Лаконичная, но немного шокирующая смакованием подробностей новость: «Известный поэт Сергей Есенин покончил жизнь самоубийством, повесившись в комнате одной из Петербургских гостиниц. Перед тем как повеситься, Есенин вскрыл себе вены. На столе в его комнате найден отрывок стихотворения, написанный кровью». «Воспоминания русского Шерлока Холмса» (записки бывшего начальника Московской сыскной полиции А.Ф. Кошко). Обязательный «роман с приключениями» Габриэля Бернара «Король кинематографа». Афиша благотворительного концерта в пользу русских безработных и инвалидов во Франции. Анонс выхода новой книги Ив. Бунина «Митина любовь» и др. Произведения 1924 г.

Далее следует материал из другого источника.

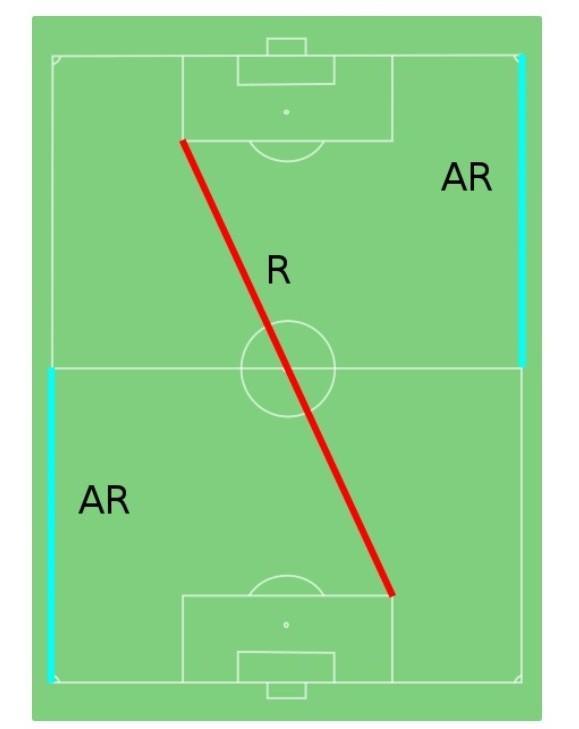 Можно узнать как стоят арбитры в футболе, в зависимости от количества, например их 7 и как они на схеме поля будут стоять и какую функцию выполнять?
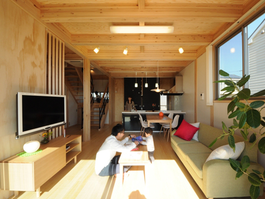 - 将来のリフォームを考えた可変性豊かな間取りが特徴の室内空間には、家族みんなの参加型キッチンや大きなウッドデッキ、片付けやすい収納ルームを設けるなど、ご家族のコミュニケーションを大切にプランのご提案をいたします。
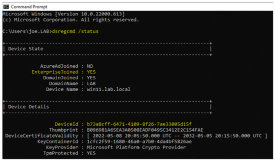 Device registration can be verified through the Active Directory by the device ID (see Figure 10) or by running the command “dsregcmd /status” (see Figure 11), which displays the same device ID as the one in the active directory of the domain controller and that the device is protected by the TPM.
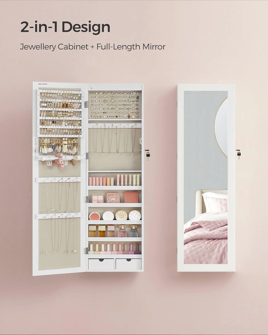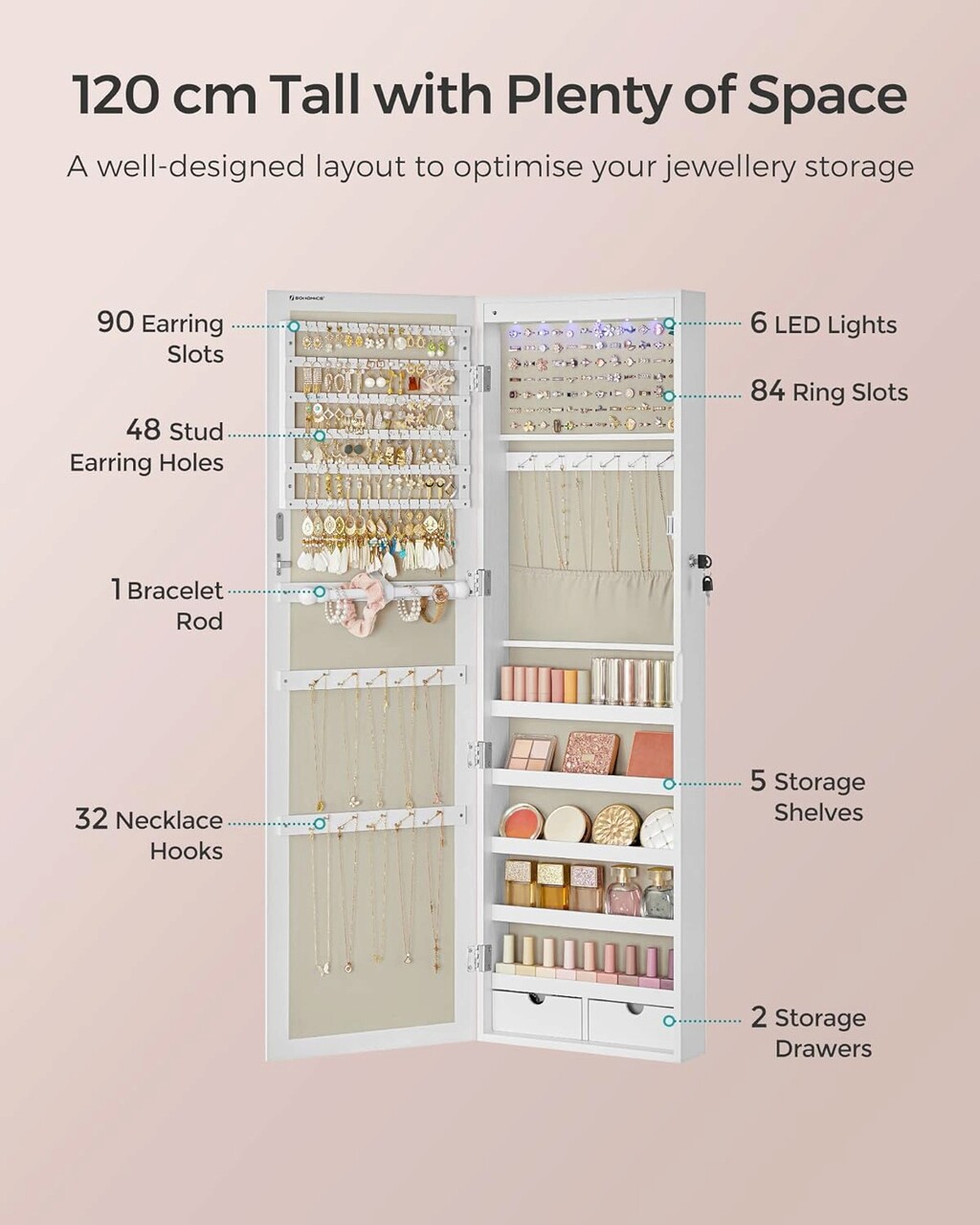 Toate bijuteriile intr-un singur loc La sfarsitul unei zile lungi, scoateti-va inelele, cerceii si colierele si puneti-le inapoi in interiorul acestui dulap de bijuterii-84 de locuri pentru inele, 90 de fante pentru cercei, 48 de orificii pentru cercei, 32 de carlige pentru coliere, 5 rafturi, 2 sertare si 1 tija pentru bratari, toate intr-un singur loc.
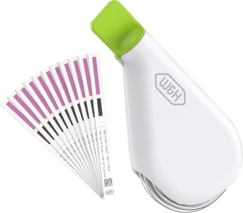 - Eine revolutionäre Rückverfolgbarkeit für Sterilisationstests: Jeder Streifen ist mit einem einzigartigen Matrixcode versehen, der eine eindeutige Zuordnung des chemischen Indikators zum Testzyklus ermöglicht. W&H verbessert auch die Möglichkeit, Fotos der Testergebnisse zu machen, um digitale Sterilisationslogbücher mit der neuen e-Log-Funktion von W&H zu erstellen
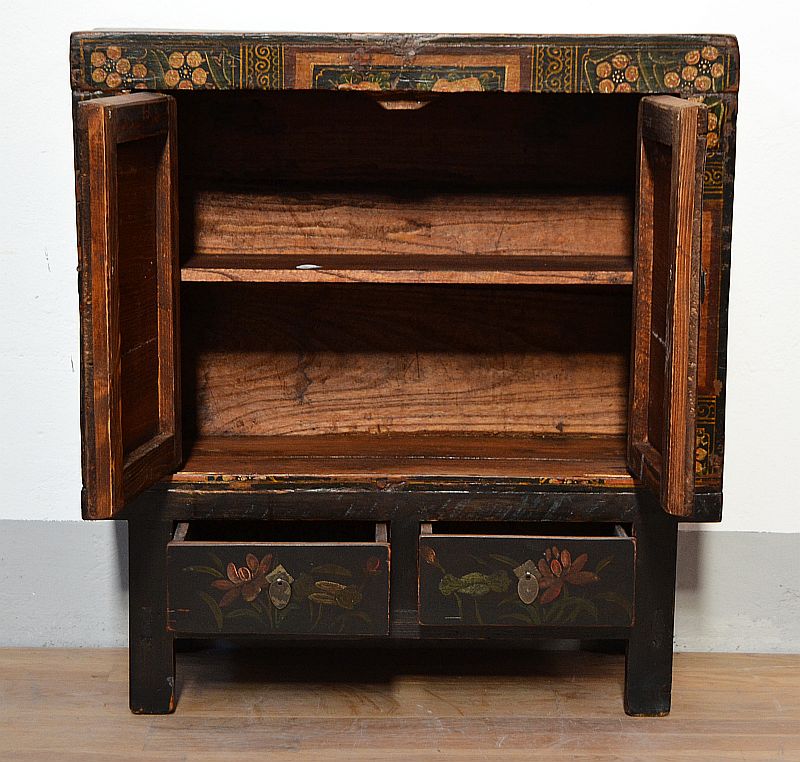 Questa antico mobiletto Cinese, è un autentico mobile d’artigianato orientale, si distingue per le dimensioni compatte e il design originale. Realizzata in legno di pino massello laccato, questa credenzina presenta un vano superiore chiuso da due antine, mentre le gambe sono presenti 2 cassetti, aggiungono un dettaglio unico che rende questo pezzo esclusivo tra i mobiletti etnici decorati. Le decorazioni includono motivi floreale pechinese, elementi distintivi dell’Opera di Pechino che donano eleganza e richiamano la bellezza della cultura cinese.
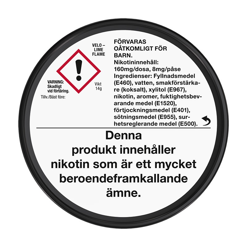 Snuset VELO Lime Flame Strong Slim har som det låter styrkan 3 Stark med sitt nikotininnehåll på 1,14%, eller omräknat per påse 8 mg nikotin. Varje prilla väger 0,7 gram och en snusdosa innehåller 20 stycken prillor, det ger en total snusvikt per snusdosa på 14 gram snus.
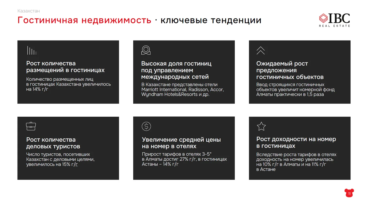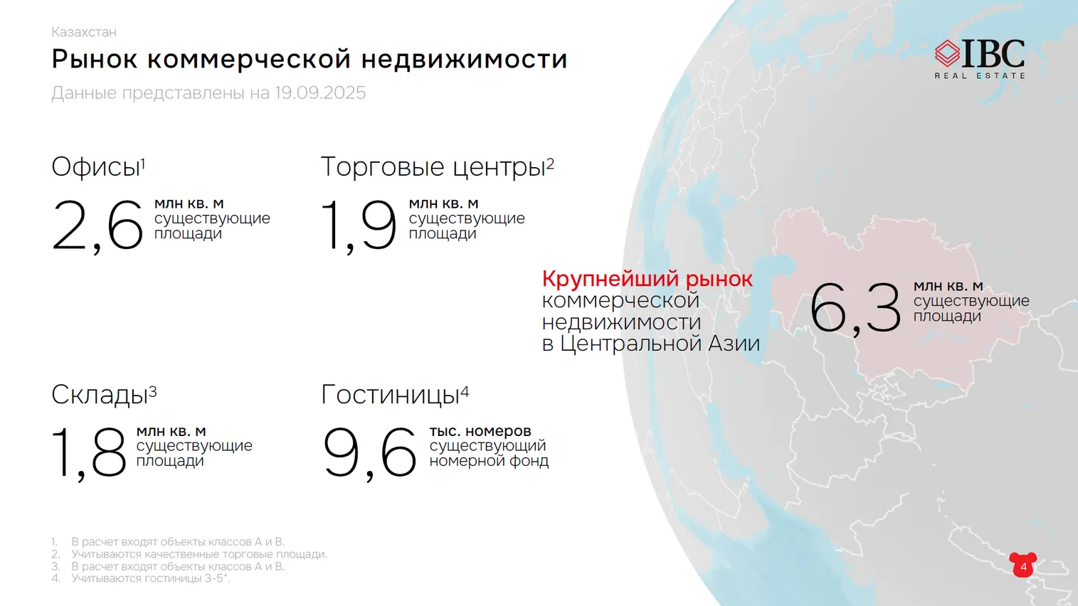 В Казахстане всего 6,3 млн квадратных метров коммерческих площадей: офисы занимают 2,6 млн квадратных метров, торговые центры – 1,9 млн квадратных метров, склады – 1,8 млн квадратных метров. А существующий номерной фонд гостиниц составляет 9,6 тыс. номеров. Такими данными поделился генеральный директор группы компаний IBC Real Estate Алексей Ефимов во время закрытого бизнес-бранча IBC Real Estate, который проходил в Алматы сегодня, 19 сентября, передает корреспондент центра деловой информации Kapital.kz.

В следующем номере отыскиваются сатирические стихи «Наркомпрос и балерина» (воображаемая переписка Айседоры Дункан с Луначарским) и фоторепортаж о расколе среди коммунистов в Москве («Борьба между “Зиновьевцами” и “Сталинцами” на XIV съезде Коммунистической партии») — я не изучала специально сталинскую иконографию, но не думала, что наткнусь на прежде не виденный снимок. Юмористический отдел — «Эмигрантская энциклопедия»: «Латвия — монолит в смысле визы. Почти как Польша. А жаль! В Латвии имеется Рига, а в Риге — газета “Сегодня” и русские меньшинства, в виде русской кулебяки, русского снега и других, не менее приятных, вещей; Ломовая лошадь — эмигрантский журналист; Луначарский — шут гороховый; Нарком — се тот, кого никто не любит и все живущее клянет. Впрочем, последнее утверждение нуждается в поправке Годнева. Клянет не все живущее. Часть живущего к нему даже в гости ходит, не говоря уже о скупке краденого. Надежды — юношей питают. А кто не юноша, пусть не пробует — никакой питательности. Проверено на опыте всей эмиграции».

В отличие от читателя 1926 года нынешний читатель знает, как называлась гостиница, где повесился Есенин, что было в его предсмертной записке и кому она была адресована, и часто относится к покойному поэту не менее сдержанно, чем эмигрантская пресса, — и все равно свежее известие о его смерти между будничным шумом, парижскими модами и анонсом новой бунинской книжки производит совершенно особенное впечатление, которое трудно описать: ощущение человеческой истории в 3D.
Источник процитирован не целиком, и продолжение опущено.